After training, the classification error rates of the capsule network and CNN were 0.28% and 0.49%, respectively. In Table I, one can also see the classification performance of the capsule network configurations with varying amounts of the reconstruction regularizer and dynamic routing. The dynamic routing algorithm can simply be turned on or off. In the the latter case, the capsules are still structured as previously described; however, the routing coefficients are not iteratively modified as in the algorithm. The reconstruction configuration is defined as ”no”, ”weak”, or ”strong”. When the network does not use the reconstruction component, the corresponding term in the loss function is set to zero. In the ”strong” case, the term weight is 20 times larger than in the ”weak” case. From the table, one can see that the capsule network outperforms the baseline CNN in all cases, and furthermore the addition of strong reconstruction and routing does improve the performance. It is important to note the relative importance of each of these components. In the case when no routing is used, the reconstruction network had minimal impact on performance. When routing is used, increasing the weight of the reconstruction loss reduced the error rate. This indicates that, while the proposed dynamic routing contribution in [27] does have benefits in a capsule network architecture, the relative benefit of the reconstruction network should not be understated. Without such regularization, the dynamic routing alone does not necessarily provide a benefit as it may even hinder classification performance. With all this said, one may point out that the classification margins are very slim between all these cases given that the networks all exceed 99% classification accuracy on the MNIST testing set. As a result, other means of comparison are necessary to obtain an accurate picture of the salutary effects of capsules. With this in mind, the activation maximization results are a first step in looking more deeply at capsules.

Iv-B Activation Maximization

(a) Capsule network, strong reconstruction
(b) Capsule network, no reconstruction
(c) CNN
Fig. 6: Activation maximizations for digit 6
(a) Capsule network, strong reconstruction
(b) Capsule network, no reconstruction
(c) CNN
Fig. 7: Activation maximizations for digit 1

As discussed, the activation maximization analysis aims to create images that represent information learned by a network. Fig. 6 shows 100 such images created from the activation maximization algorithm when applied to a capsule network (both with and without the reconstruction network) as well as 100 from the baseline CNN. The images are stacked and ordered in a 10x10 grid by decreasing activation value; thus, the top left image has the highest activation value of the 100 trials while the bottom right image has the lowest value. Recall that the activation maximization images represent the aggregation of features that the network has learned to represent the particular class. From the images in Fig. 5(a), we can see that the visualizations are very indicative of the class in question. All of the images show the defining characteristics of a ”6” digit; that is, both the circular loop at the bottom as well as the upward curving tail. This shows that the capsule network has learned these facets of the class and use all of them when performing classification.
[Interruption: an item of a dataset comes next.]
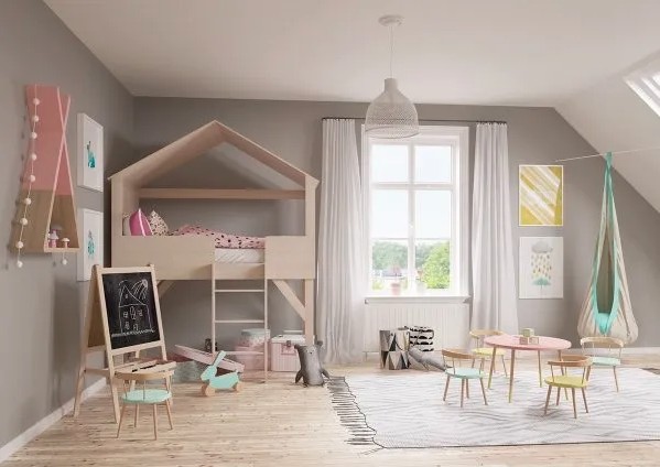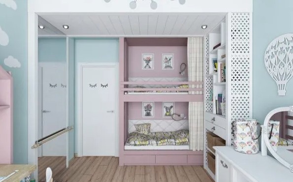 7.二胎家庭,如果房间面积有富裕,还可以设计小型滑梯,家里也可以变游乐园。或者上侧为床,下侧为学习区域,两个小朋友一起学习绘画, 同成长。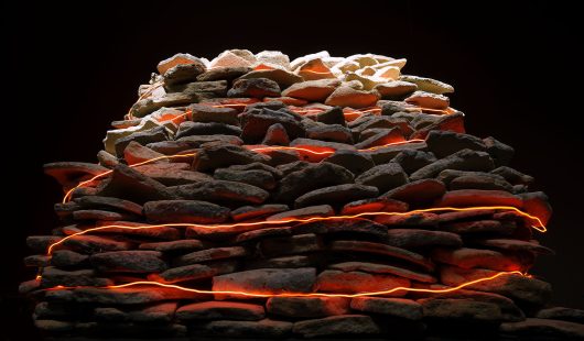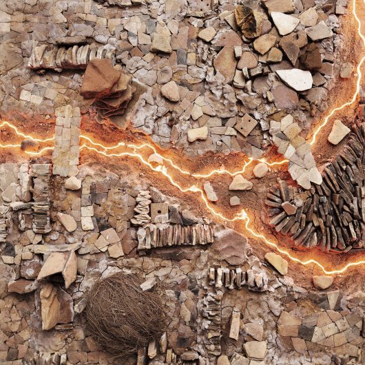 TERRAOPTICS is een vervolg op een installatie van kunstenaar Vivan Sundaram met honderdduizend potscherven uit de opgravingen bij Pattanam, van de verdwenen antieke havenstad Muziris, die tweeduizend jaar geleden aan de zuidwestkust van India een belangrijke rol in de wereldhandel speelde. Voor TERRAOPTICS rangschikte hij dezelfde scherven in de donkere kamer tot kleine decors met lichtgevende fiberoptica, die elk een eigen universum vormen. Het roept het beeld op van een prehistorisch landschap, doorsneden door brandende rivieren. Met gebruik van archeologische overblijfselen vestigt Sundaram de aandacht op de aarde, die we als vanzelfsprekend beschouwen. Door het land letterlijk en figuurlijk te verlichten, creƫert TERRAOPTICS een terrestrisch-optisch bewustzijn.

This is in contrast to the activation maximization images from the CNN, as shown in Fig. 5(c)

. In this case, the features that the network makes use of are much less clear. Generally, it can be seen that the CNN has some general oblong shapes in the lower half of the images that are likely related to the circular loop of a ”6”. That said, the clarity of these loops are far worse than those of the capsule network. This supports the notion that the CNN is only searching for an oblong loop in the bottom of the image to classify a ”6”. Given a CNN’s proclivity to find the lowest complexity feature required to discriminate between classes

[24], this phenomenon is fairly logical. That said, it is consequently important to look at this distinction in the context of the differences between the capsule network and the CNN. Both networks perform the task extremely well, as each of them obtains over 99% classification accuracy. Thus, the differences in the visualizations can be attributed to feature complexity rather than just classification power. Therefore, there are indications that the capsule network features capture more information from a class than its CNN counterparts. Fundamentally, the capsule features demonstrate an understanding of the class exemplars to a much greater extent than a CNN feature, which is aligned with the ideas in [27].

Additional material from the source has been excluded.